[Opening Recorded data section]

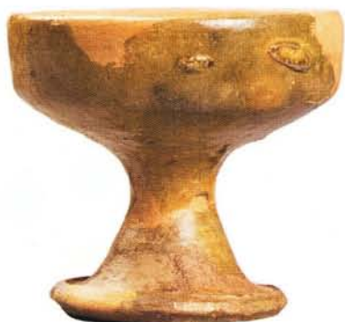
34 : Salière sur pied, engobe et glaçure jaune (ht. 7,5 cm, diam. à l'ouverture 8,2 cm).
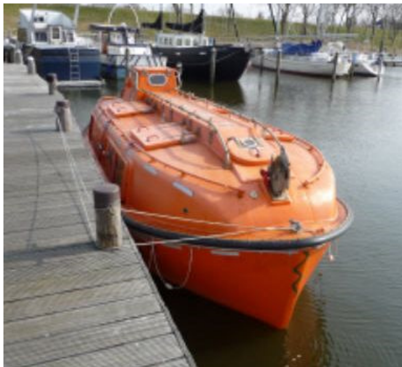
De Proto in originele staat.

was de Proto, zo heet hij, een reddingsboot bij een boorplatform, de 'Statfjord B rig 209'. Hij komt uit een nest van 34 van dergelijke boten. Deze zijn inmiddels allemaal vervangen door zogenaamde valboten. Die gaan met een vrije val het water in. Op die manier wordt tijd gewonnen omdat er geen kabels gevierd hoeven te worden.
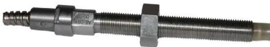
а) первичный преобразователь AE051
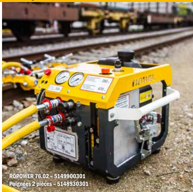
ROPOWER 76.02 - 5149900301 Poignées 2 pièces - 5148930301
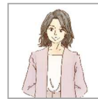
ヤクモ(プロデューサー)
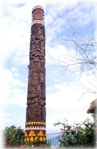
太巴塿發祥地紀念碑
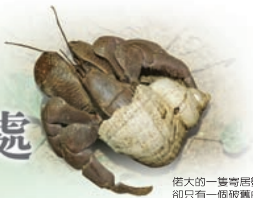
偌大的一隻寄居蟹， 卻只有一個破舊的房子。

[Closing Recorded data section]

* **Description of the task**:
In the entries above, find each line containing the string "Proto" and copy it.

* **Worked solution**:
De Proto in originele staat.
was de Proto, zo heet hij, een reddingsboot bij een boorplatform, de 'Statfjord B rig 209'. Hij komt uit een nest van 34 van dergelijke boten. Deze zijn inmiddels allemaal vervangen door zogenaamde valboten. Die gaan met een vrije val het water in. Op die manier wordt tijd gewonnen omdat er geen kabels gevierd hoeven te worden.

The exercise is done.